38A from July 11, 2019:

{
   "cells":[
      109,
      110,
      111,
      112,
      113,
      114,
      115
   ],
   "direction":"Across",
   "label":"38",
   "text":[
      {
         "formatted":"<i>Diaper</i>",
         "plain":"DIAPER"
      }
   ]
}
Q726kbXuN commented 2 years ago

The reason latin1ify handles HTML is because "plain" includes HTML a surprising number of times, even when both plain and formatted are present:

8727 2019-10-21 &#34;    &#34;Monday Night Football&#34; airer
5695 2019-10-21 &#39;    Neither&#39;s partner
 629 2007-11-22 <i>      <i>See diagram</i>
  82 2020-02-21 &amp;    Recipient of a lot of #@&amp;! money
  27 1994-03-17 <sup>    Presider over the 103<sup>rd</sup> Congress
  26 1995-08-22 <sub>    KNO<sub>3</sub>
  19 2016-05-13 &nbsp;   What 😠 &nbsp;means in a text
  12 2014-11-10 <br>     15, for any row, column or diagonal here:<br>&nbsp;&nbsp;&nbsp;&nbsp;&nbsp;4&nbsp;&nbsp;&nbsp;9&nbsp;&nbsp;&nbsp;2<br>&nbsp;&nbsp;&nbsp;&nbsp;&nbsp;3&nbsp;&nbsp;&nbsp;5&nbsp;&nbsp;&nbsp;7<br>&nbsp;&nbsp;&nbsp;&nbsp;&nbsp;8&nbsp;&nbsp;&nbsp;1&nbsp;&nbsp;&nbsp;6
  11 2014-06-08 <s>      <s>Symbols of happiness</s> Transmissions with colons, dashes and parentheses?
   8 2014-07-09 <em>     <em>Words on a birth announcement</em>
   7 2015-03-16 </span>  <span id="yui_3_17_2_4_1426084153879_1046" class="ya-q-full-text">★</span>
   6 2015-04-12 <b>      A B C D <b>&exist;</b> F G
   5 2015-04-07 &deg;    90&deg; from oeste
   5 2016-02-19 <strong> <strong>&amp;</strong> <strong>18</strong>&nbsp;Italian-born composer
   3 2020-02-26 &gt;     If A&gt;B and B&gt;C, then A&gt;C, e.g.
   2 2020-08-05 &lt;     &lt;&lt;&lt; button: Abbr.
   1 2011-02-21 &rarr;   &rarr; or &larr;
   1 2015-07-12 &eacute; Cond&eacute; ___: Vogue publisher
   1 2015-12-28 &cent;   &cent;
   1 2016-05-21 &bull;   With 9-Across, [&bull;] [&bull;] at a casino
   1 2018-04-03 &rdquo;  <span style="color: #222222; font-family: Roboto, arial, sans-serif; font-size: 16px; text-indent: 0px;">&rdquo;</span>
   1 2018-08-28 &euro;   What the "&euro;" symbol stands for
   1 2019-03-12 &mdash;  The "x" in Euler's Identity &mdash; e<sup>i&pi;</sup>&nbsp;+ 1 = x
   1 2019-05-05 </p>     <p style="border: 1px solid black; padding: 1px;">Collection</p>
   1 2019-05-31 &ndash;  &ndash;
   1 2019-06-16 &zwj;    🏳️&zwj;🌈, for one
   1 2019-08-24 <!--     It shares a key with @<!--EndFragment--><!--EndFragment-->
   1 2019-10-07 &radic;  &radic;This clue's number

(The first column is the number of times a HTML fragment was seen, the second column is the date it was first seen)

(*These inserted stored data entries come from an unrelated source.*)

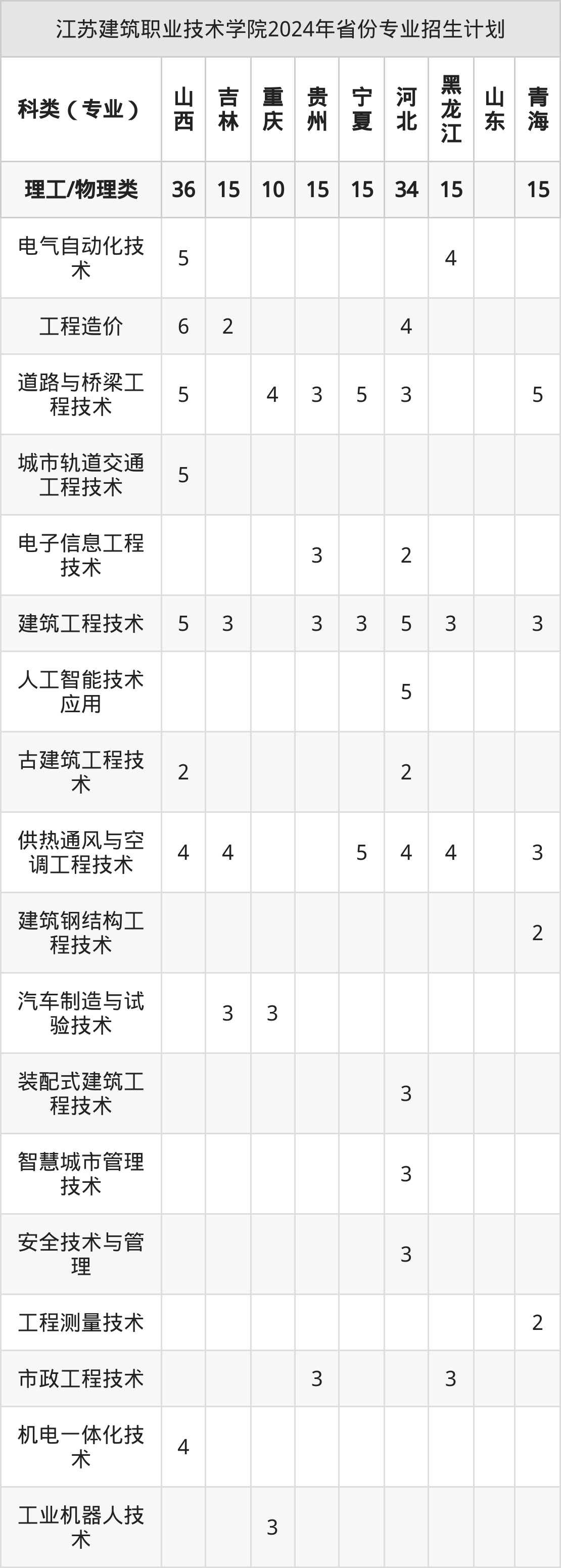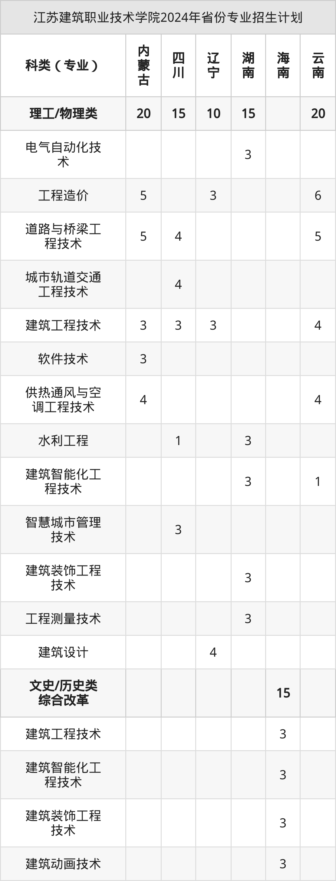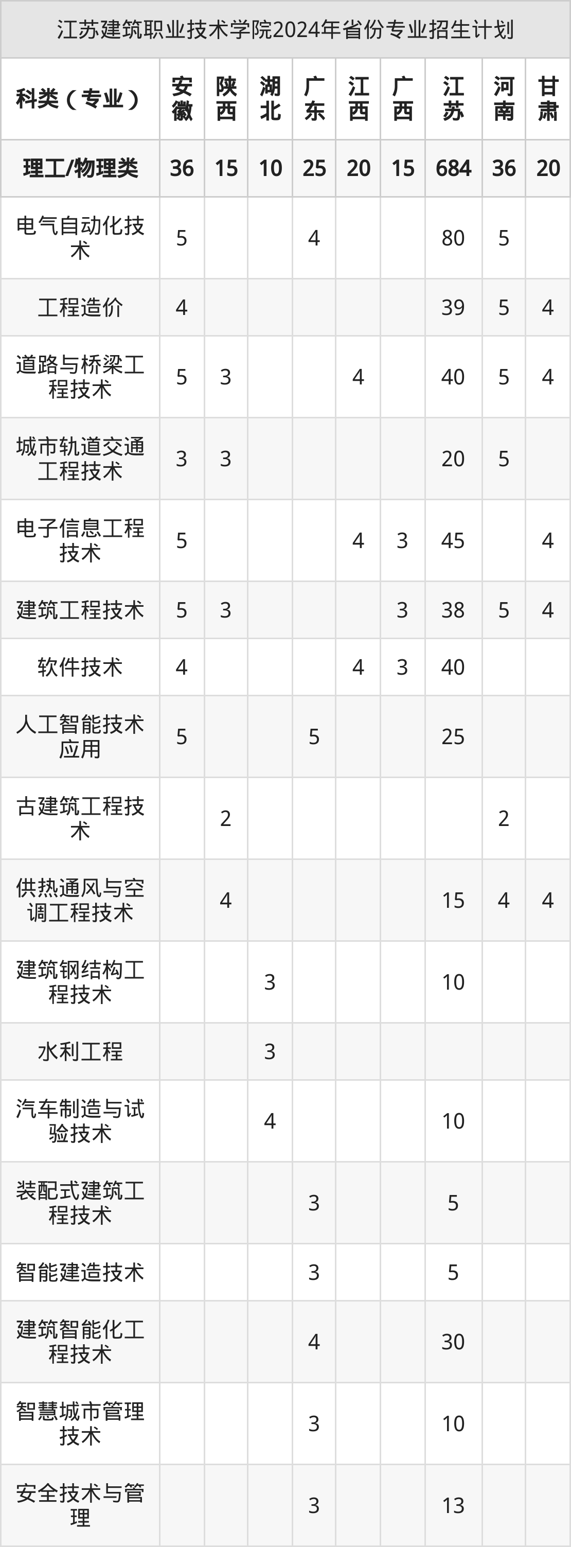 2025年江苏建筑职业技术学院专科招生计划待公布,下面附上2024年数据,暂供参考:
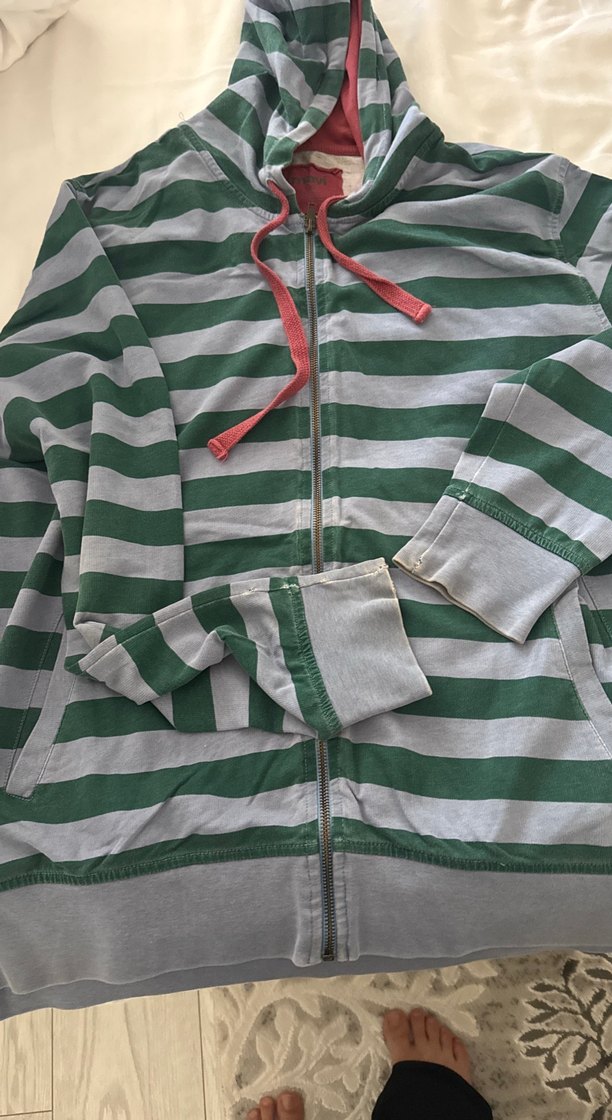 Gri-Yeşil Çizgili Kapüşonlu Fermuarlı hırka
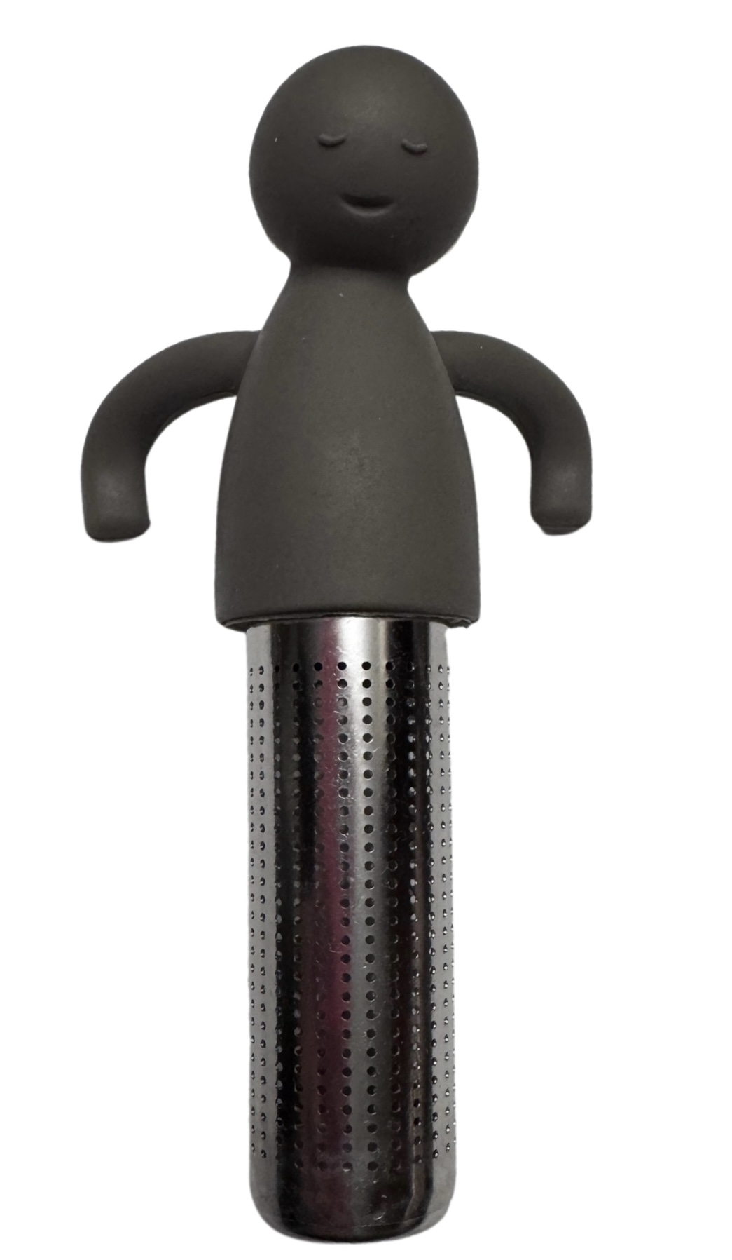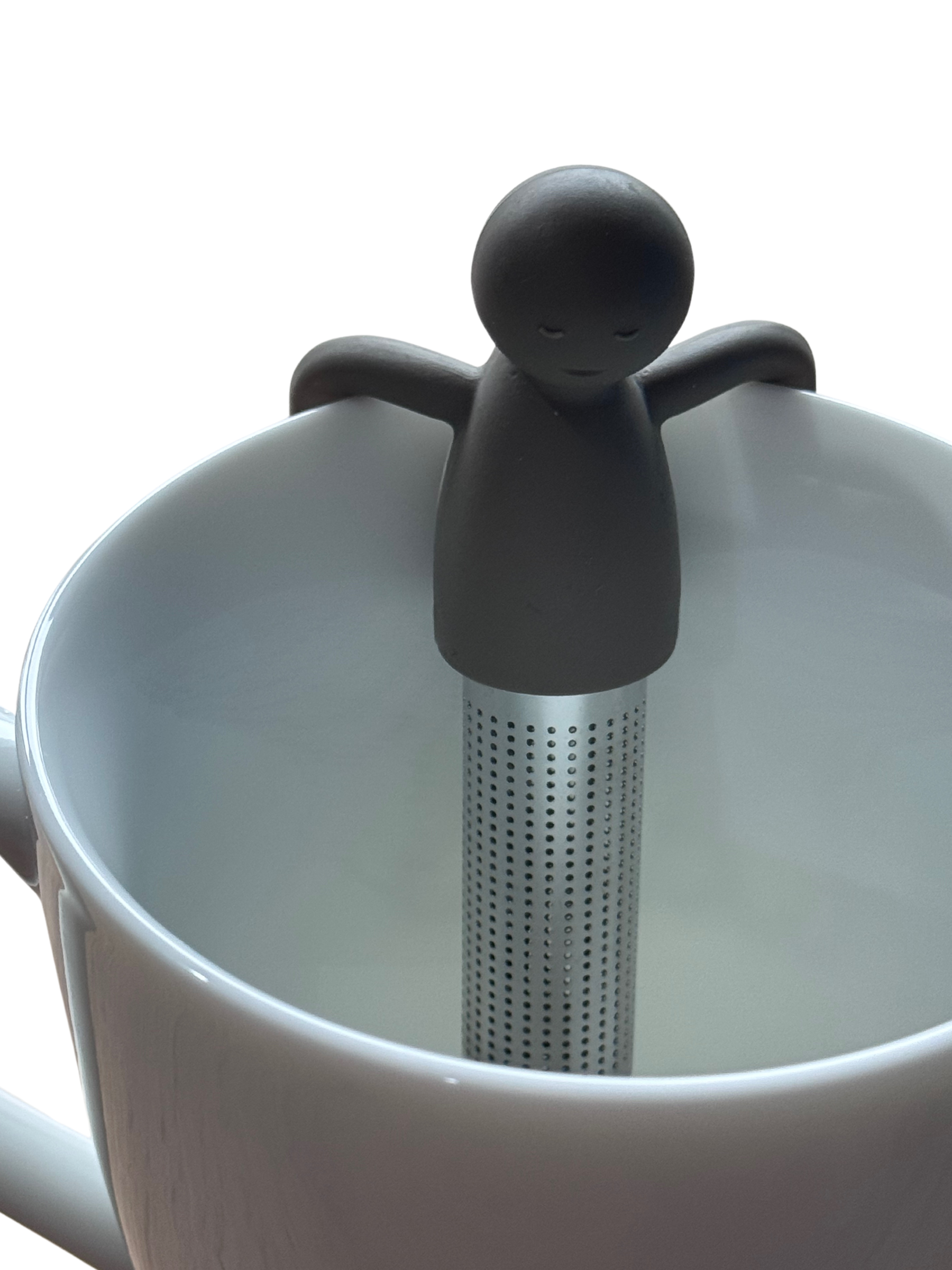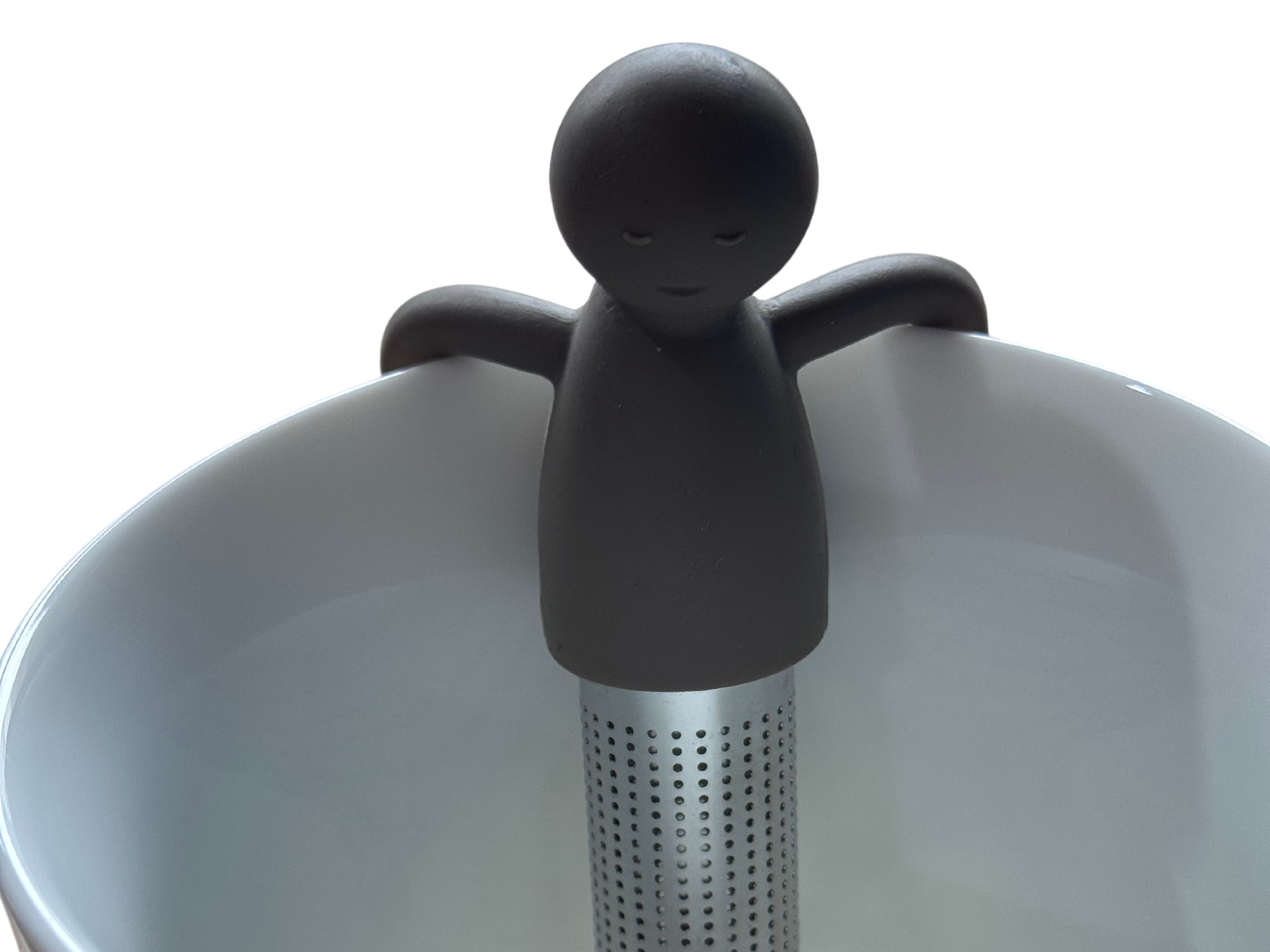 Metalowo-silikonowy zaparzacz do herbaty z kształtem ludzika na kubek.

I might move to using formatted if it's available, but I need to dig into the older puzzles to make sure there are no unexpected artifacts doing this, and that latin1ify can handle whatever HTML tags that are unique to formatted (assuming there are any)

Also, I should note: The unescaped emoticons in this example are present in "plain" as well, which itself is part of the fun.